*** Opening of GIVEN MATERIAL ***
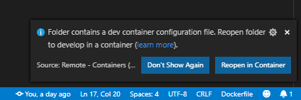 If you don't see this notification, open the command pallet (ctrl+shift+p) and select Remote-Containers: Reopen Folder in Container.
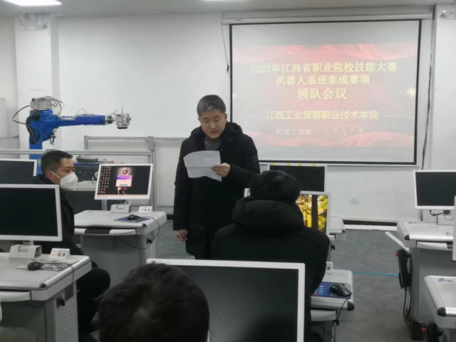 为搭建技能人才展示精湛技能、互相切磋技艺的平台,充分展示江西省职业技能成就和水平,机电工程系全力筹备的江西省职业院校技能大赛“机器人系统集成”赛项,于12月26-28日在智能制造中心举行,该赛项检验高职院校装备制造类专业复合型技术技能人才培养成效,全面展现南昌市装备制造(工业机器人系统集成方向)的职业技能水平。
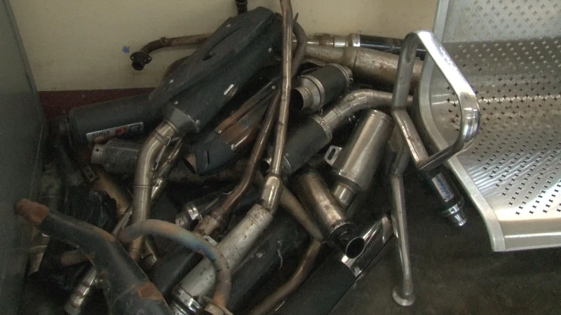 Lực lượng chức năng tháo hàng trăm ống pô độ, không có bộ phận giảm thanh, đảm bảo phương tiện đúng theo tiêu chuẩn kỹ thuật quy định.
*** Close of GIVEN MATERIAL ***
▶ YOUR OBJECTIVE
Only the text of the listing above is copied, exactly as written; its pictures are dropped.

▶ OUTPUT FOR THIS TASK
 If you don't see this notification, open the command pallet (ctrl+shift+p) and select Remote-Containers: Reopen Folder in Container.
 为搭建技能人才展示精湛技能、互相切磋技艺的平台,充分展示江西省职业技能成就和水平,机电工程系全力筹备的江西省职业院校技能大赛“机器人系统集成”赛项,于12月26-28日在智能制造中心举行,该赛项检验高职院校装备制造类专业复合型技术技能人才培养成效,全面展现南昌市装备制造(工业机器人系统集成方向)的职业技能水平。
 Lực lượng chức năng tháo hàng trăm ống pô độ, không có bộ phận giảm thanh, đảm bảo phương tiện đúng theo tiêu chuẩn kỹ thuật quy định.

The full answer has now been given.